Repo seems stuck at (yet unexisting) version 14 (?) and cannot revert migration [SOLVED with a hack]

So, with Kubo out, I thought it was time to tinker with it and manually compile the latest & greatest version (0.15.0-dev) on my public node, straight from the GitHub sources, using Go 1.18.4 under Ubuntu 22.04.1 LTS.

How naïve of me…

Basically, the compilation didn’t work — I definitely got the binaries for ipfs and ipfs-update, and they certainly launched, but they were also having some issues with the quic-go component (which is not directly under the dev team’s control — at least not totally — and possibly requires compiling with earlier versions of Go). This isn’t easily fixable (at least not yet), so it was time to download the official binaries for kubo, including ipfs, ipfs-update, and (for good measure) fs-repo-migrate, and install them by simply placing them in the proper places (in my case, /usr/bin owned by the user ipfs)

And here is the strange thing that I got:

$ ipfs daemon
Initializing daemon...
Kubo version: 0.14.0
Repo version: 12
System version: amd64/linux
Golang version: go1.18.3

Error: Your programs version (12) is lower than your repos (14).
Please update ipfs to a version that supports the existing repo, or run
a migration in reverse.

See for details.

Ok. That was baffling, since at the time of writing, repo version 12 is the latest one. There is no version 14. So where did that come from?!

All right, I read the instructions, and it’s not the first time I had to tweak the migration manually; it’s usually a painless experience. So, I tried to do a reverse migration (also using the user ipfs) the following way:

$ fs-repo-migrations --revert-ok
Found fs-repo version 14 at /var/local/ipfs/.ipfs
Do you want to upgrade this to version 12? [y/n] y
2022/08/03 12:16:28 Looking for suitable migration binaries.
2022/08/03 12:16:28 Need 2 migrations, downloading.
2022/08/03 12:16:28 Downloading migration: fs-repo-13-to-14...
2022/08/03 12:16:28 Downloading migration: fs-repo-12-to-13...
2022/08/03 12:16:28 could not get latest version of migration fs-repo-12-to-13: GET error: 404 Not Found: ipfs resolve -r /ipns/ no link named "fs-repo-12-to-13" under QmcSiPhsEFp8iHZVC1zGj8Yd4FxqHnCMtM5TJ9yMaVneCa
2022/08/03 12:16:28 could not get latest version of migration fs-repo-13-to-14: GET error: 404 Not Found: ipfs resolve -r /ipns/ no link named "fs-repo-13-to-14" under QmcSiPhsEFp8iHZVC1zGj8Yd4FxqHnCMtM5TJ9yMaVneCa
2022/08/03 12:16:28 Failed to download migrations.
ipfs migration:  failed to download migrations: fs-repo-13-to-14 fs-repo-12-to-13

(fs-repo-migration is v2.0.2, straight from the official binaries for Linux amd64)

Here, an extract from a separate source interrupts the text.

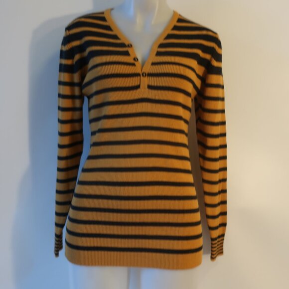 Womens Tween Mustard Yellow Black Brown Wool Blend V-Neck Striped Sweater M

Ok, this makes sense: there are no versions above 12, so it makes sense that there are no official ‘patches’ from 12 to 13 and 13 to 14. To check that there wasn’t an overnight upgrade by some reason, I tried:

$ fs-repo-migrations -v

Again, that’s exactly what is expected.

So, how on Earth did IPFS jump its repo version to 14?!?

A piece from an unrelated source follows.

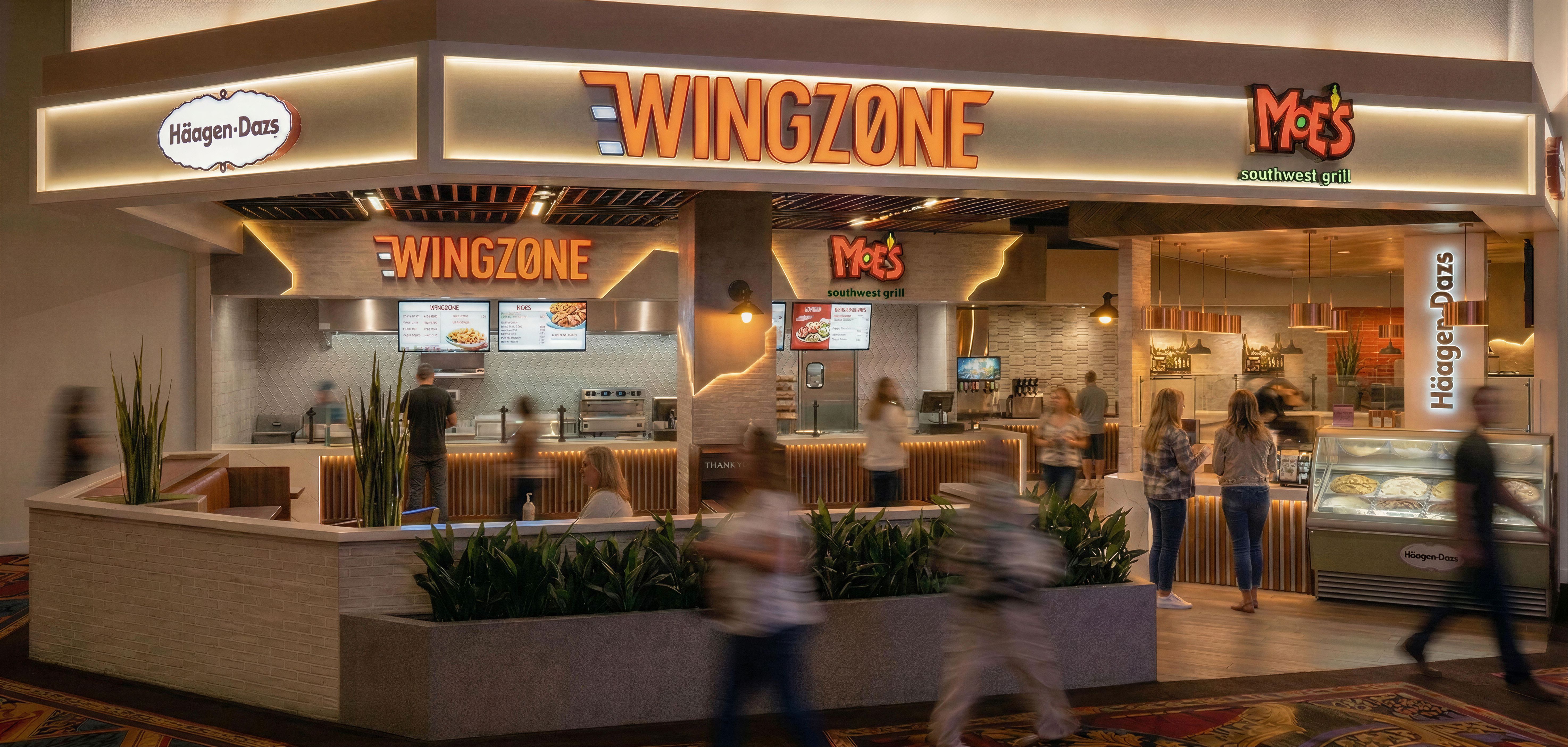 PromptTheres a wall behind the Haagen Dazs that needs to be lowere by half the height and then put an 18" tall glass guard smilar to the other counters. Keep every other element in the image exactly the same., keep exact camera angle

My only (rational) explanation is that, during my many attempts at compiling a more recent version from the GitHub sources, and testing each run, one of them may have corrupted the repo version number, using a (yet) inexistent version 14 (strangely, not version 13, which would make more sense). It might not even have corrupted the data itself, only the version number; but there is no way I can tell, since, well, the only tool I’ve got to fix/repair things is ipfs itself, and it’s as baffled as I am from a version ‘coming from the future’.

I was reading the GitHub notes for fs-repo-migrations, and I somehow understand how the process works: basically, for every repo version bump, one is expected to provide a plugin which does the migration but also the reverse migration; such plugins are applications with their own Git (sub-)repository. By taking a peek at the source for fs-repo-migrations, it’s clear that the greatest and latest repo version is, indeed, 12, and that all the migration plugins are available, up to 11-to-12, which was developed half a year ago. Again — no surprises there.

There are instructions on how to write one’s own migration plugin. I could do that, of course, but then I would have to know what changes were made to the repo on versions 13 and 14 — none of which exist yet. This is really quite intriguing, and I suspect that really there aren’t any changes on my repo at all, except for the wrongly set version number.

Naturally, I tried to read some of the answers provided here (such as this old one) but none applied to my particular case.

Well, frustrated, all that remained for me to do was to make a repo backup and then manually edit ~/.ipfs/version which did indeed have version number 14 — and change it to 12.

Huh. That seemed to do the trick. ipfs now launches without complaints, and, as far as I can see, all the data I had (namely, the pinned files/directories) seems to be in the right place and all. The configuration seems to be working well, since all the extra goodies I’ve got running on top of ipfs seem to be operational. At least nothing shows up on the logs, and, as far as I can test things, they work.

Obviously, I’m happy now :slight_smile: and I’m pretty sure that even if I have lost some data, the built-in mechanisms (checksums/hashes, signatures, etc.) will eventually drop any truncated/mangled blocks, refresh them from one of the peers, and, over time, repair itself (if, indeed, it requires repairing…). However, I cannot be 100% sure that this is the case. I mean, if I go back and edit the version file to display, say, 11, things won’t work that easily — at best, ipfs would consider the version to be wrong, and attempt a repair, which might not necessarily fail but just ‘do nothing’, eventually updating the version back to 12 again, and everything would continue to run smoothly.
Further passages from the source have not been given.